Çatal bıçaklı medeniyet serisinden zahmetli akşam yemekleri,
Kederinden ölsen terk edemeyeceğin vakur olma ehemmiyeti,
"Elimi nereye koysam da mekâna yakışsam uleen" özgüven problemi,
Pamuk ipi üzerinde, ha düştü ha düşecek sevgi cambazlığı gösterileri,
Samimiyetsizlik gocunmalarından dile pelesenk olmuş "ama samimiyim bak" önlemleri,
Fiilin yetkinliğinden bihaber, teorik bıyık altı malumatfuruş nasihatleri,
İç sızlatan, gel gör ki pembe yalan olmasıyla aklanan iltifat seçkileri,
Seyri bile utandıran, kıvrılmış gerdanların rica minnet halleri...

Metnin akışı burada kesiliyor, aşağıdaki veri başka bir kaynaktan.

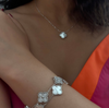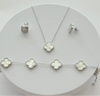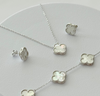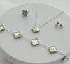 A stunning Van Cleef style white gold-plated Sterling silver set with mother-of-pearl. Including Necklace, Earrings and the bracelet
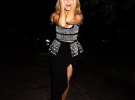 Наряд був незвичного крою, з глибоким вирізом до стегна та великим декольте, яке підкреслило пишні груди співачки. Образ знаменитості довершувала об'ємна зачіска, яскравий макіяж і чорні "човники".
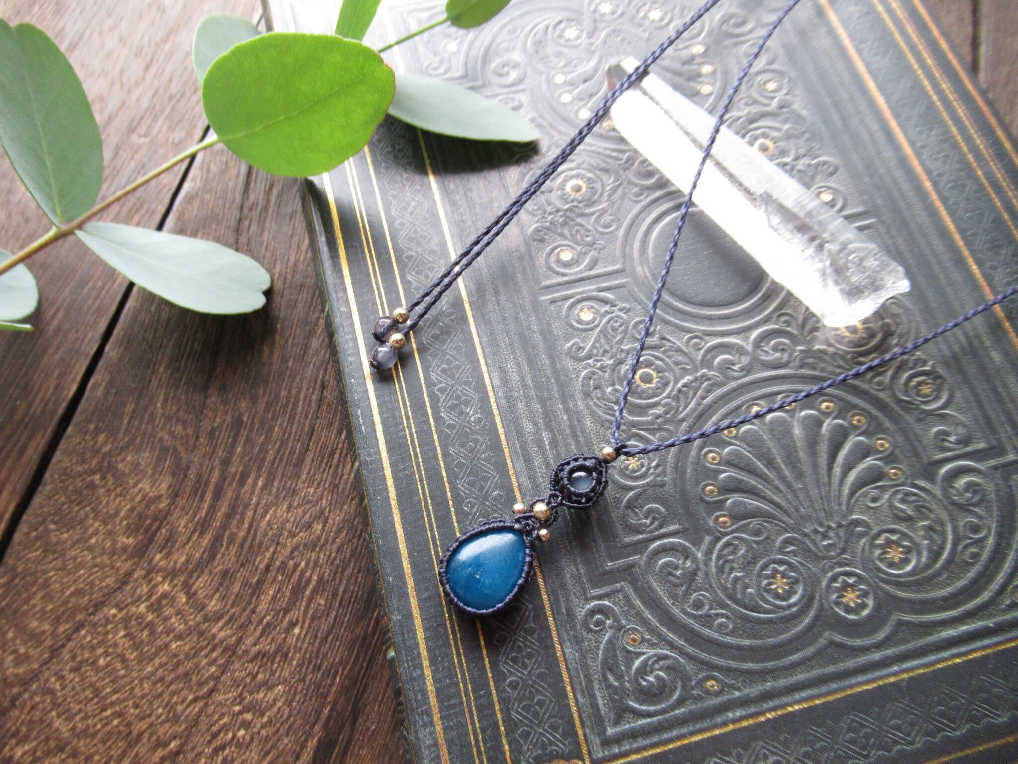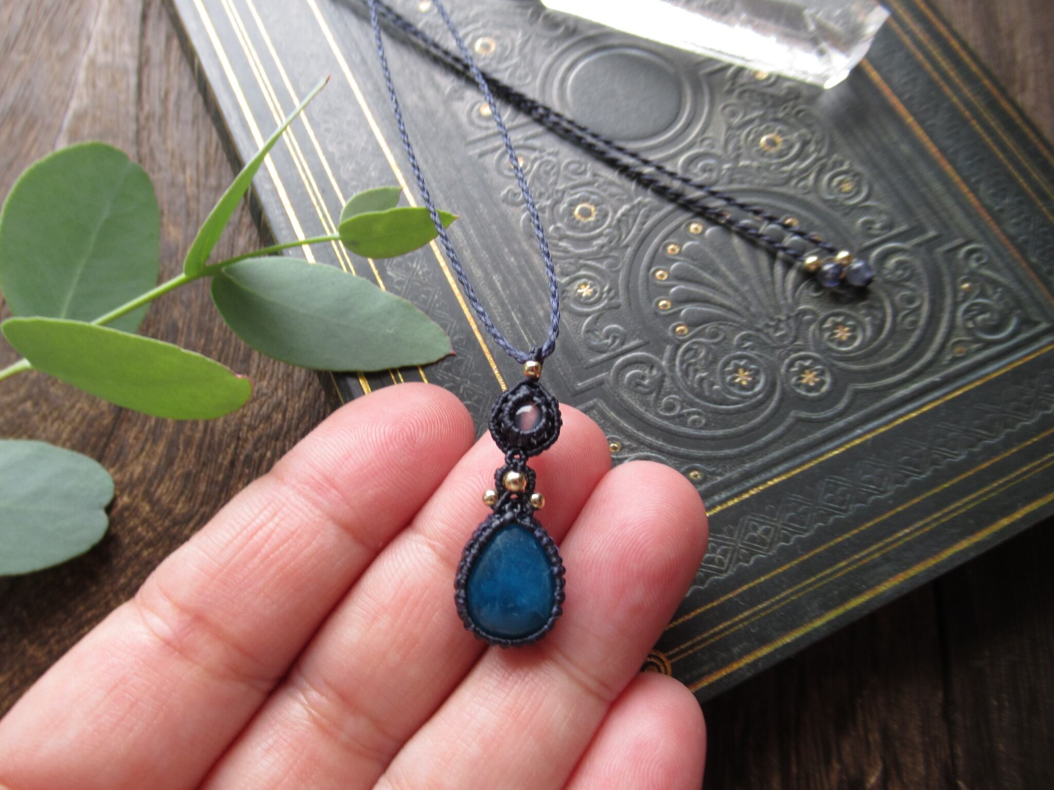 宝石質ムーンストーンとブルーアパタイトのシンプルペンダント / 0.25㎜仕上げ

Alıp başımı gitsem. Aklımı bir süreliğine, iyi insanlara emanet etsem.
Desem: "Hayrını görün, biraz da deliliği denesem." Açıklama yapsam üstüne: "Travma etkisiyle birikmiş birçok sosyal fantezim var, içimde kalmasın, bir an önce uygulamalarına geçsem".
Gülseler bana akıllı akıllı. "Yolun açık olsun" deseler, en romantik sulusepken dileklerini arkamdan dökseler.

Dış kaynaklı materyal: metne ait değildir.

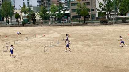 今日はハードル走。腕の振り方、身体の使い方を身につけます。
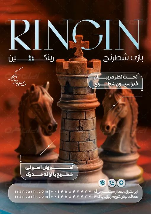 طرح تراکت آموزشگاه شطرنج شامل: تصویر شطرنج ، لیبل و شیپ های کاربردی می باشد که توسط طراحان ایران طرح به صورت افقی در نرم افزار فتوشاپ طراحی شده است.
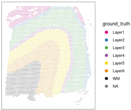 plotCoords(spe, annotate = "ground_truth", pal = "libd_layer_colors")
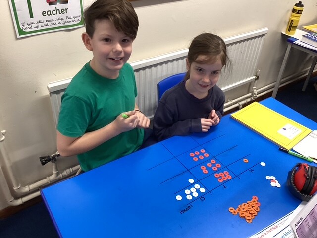 Once the children were confident with the practical side, we moved on to recording their thinking using written and formal methods in their books. The transition from concrete resources to formal calculations was smooth and purposeful, and the children showed growing confidence and accuracy as the week progressed. The photographs alongside this blog show this learning journey clearly, from practical exploration to structured written work.
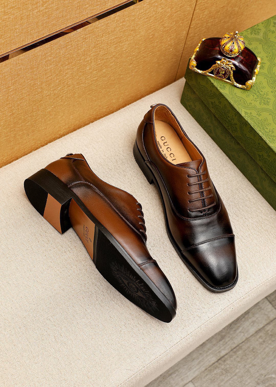 GG Men's Dress Shoe Brown Mix Black Calfskin 742980
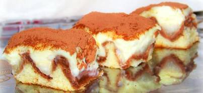 У змащену форму ( найкраще - прямокутну - 20x24 см) викласти половину тіста. До іншої половини додати какао і молоко, ретельно перемішати. Викласти коричневе тісто поверх білого.
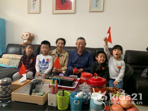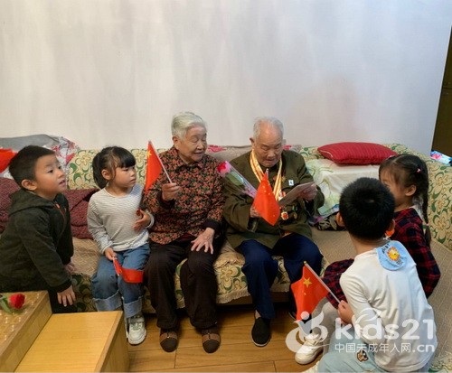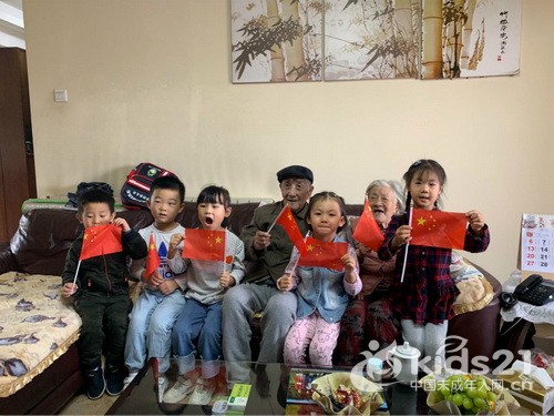 孩子们来到老红军爷爷的家中,为他们献上鲜花以及亲手绘制的国庆节贺卡。孩子们还和老红军爷爷共同合唱《歌唱祖国》,“五星红旗迎风飘扬,胜利歌声多么嘹亮……”孩子们用童稚的歌声向老红军表达着自己崇高的敬意。

Yollara düşsem acele acele. Toplansak komitelerde; çocuklar, kadınlar, yaşlılar, sakatlar, lezbiyenler, geyler, biseksüeller, trans bireyler, köleler, yerliler, itelenenler, görmezden gelinenler... Kursak BSBSB (Bundan Sonra Böyle, Sen Bilirsin) örgütünü.
Lüks bir restorana gitsem sonra. Kodaman sofralardan tadımlık lokmalar yuvarlasam. Ziyan edecekleri salata sularına ekmeğimi bansam. Çıkarken de "Yiyin ulan Allahsızlar" bıçkın edebiyatını üzerlerine salsam.
Düşsem bir sınav ortasına, dayasam kalemi muallimin başına. Bağırsam "Yeter hocaaa! Talebeler, bırakın lan siz de kalemleri!"
Aynı kalemle -bu sefer hırkamın içinde- bir banka soygununa karışsam. Güvenlik görevlisi karşılasa bizi. Tebessümle dese ki "Vayyy hırsızlar hoşgeldiniz, "Banka kurmanın yanında banka soymak ne ki!* Hayhay buyurun içeri."
Bir bir boşaltsam gökdelenleri. Havaya uçursam meymenetsiz görüntülerini. Molozlarını Berlin Duvarı gibi açık artırmaya çıkarsam. Elde edilen geliri de zamanında bu gökdelenlerin manzarasını bozan gecekondu sakinlerine bağışlasam. İlk defa zenginin malı yormasa çenelerimizi, mutlu etse bizi.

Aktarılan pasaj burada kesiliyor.